User and role are created for every user who reserved username. User name on GeoServer is the same as username on Layman. Role name is composed a USER_<upper-cased username>.

Two workspaces are created, each with one PostgreSQL datastore, for every workspace (both personal and public). First workspace is meant for WFS and has the same name as the workspace on Layman. Second workspace is meant for WMS and is suffixed with _wms. Name of the datastore is postgresql for both workspaces. Every workspace-related information (including PostgreSQL datastore) is saved inside workspace. For layers with QGIS style, also WMS store is created for each layer (pointing to QGS file of the layer on the QGIS server) and WMS layer to cascade the layer's WMS.

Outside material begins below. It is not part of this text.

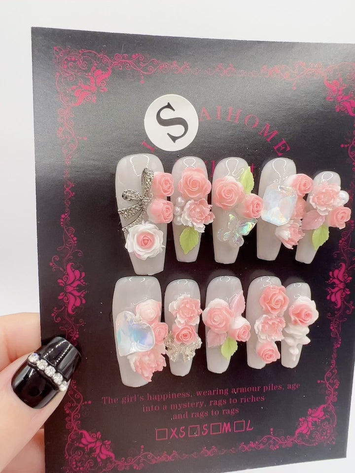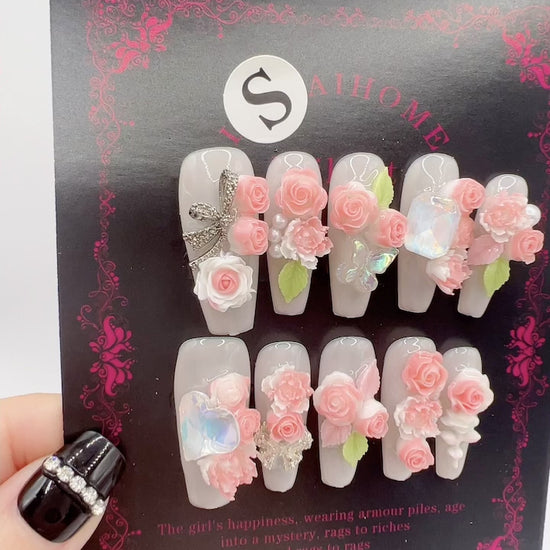 Adorned with luxury 3D flower charms, this set adds a sophisticated and artistic touch to your manicure. Designed in a small size for a perfect fit, these nails offer a comfortable, salon-quality look thatโs ideal for parties, dates, or everyday wear.

Feature type and layer are registered in both workspaces (WMS and WFS), and style is created in WMS workspace for each layer published on Layman. Name of these three models are the same as layername. Feature type points to appropriate PostgreSQL table through PostgreSQL datastore. Style contains visualization file.

Two access rules are created for each layer in each GeoServer workspace (WFS and WMS), one for read access right, one for write access right. Every username from Layman's access right is represented by user's role name (i.e. USER_<upper-cased username>). Role EVERYONE is represented as ROLE_ANONYMOUS on GeoServer.

GeoServer is used as persistent data store, so data survives Layman restart.